Отсутствие молодежи в политической, профсоюзной и культурной жизни связано не только с тем, что подвергшаяся влиянию нацизма молодежь считается неспособной интересоваться вопросами демократии. В партиях и профсоюзах молодежь бьется со старшим поколением в тщетной борьбе за власть, которую старшее поколение не хочет ей отдавать; эта молодежь, твердят они, выросла в тени свастики, а молодежь, в свою очередь, не желает доверить управление старшему поколению, поскольку считает его ответственным за крах старой демократии. Следствием поражения молодежи становится разочарованное, фатально предвзятое отношение к демократическим организациям в целом, которые все чаще считают уделом стариков.
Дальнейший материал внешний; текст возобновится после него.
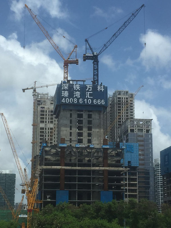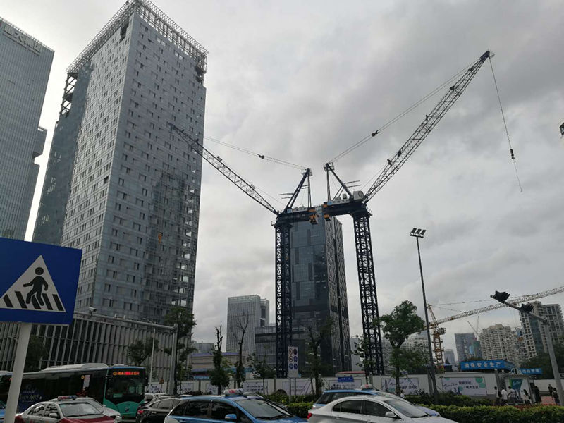 建筑高度330m,采用中昇建機(jī)ZSL1000兩臺,最大吊重64t

В то же время примечательно, что старшие участники этой межпоколенческой войны уже очень стары, а молодые зачастую уже не так молоды. На профсоюзной арене можно наблюдать безуспешную борьбу тридцатипятилетних с шестидесятилетними: голоса мужчин, которые были радикальной молодежью до 1933 года и не изменили своим убеждениям во времена нацизма, слышны так же слабо, как и голоса молодежи, не знавшей ничего, кроме нацизма. По крайней мере в некоторых местах Германии можно с полным правом говорить о партийном и профсоюзном кризисе, одной из главных причин которого стало то, что в 1933 году заговорщики слишком быстро взяли штурвал в свои дрожащие старческие руки.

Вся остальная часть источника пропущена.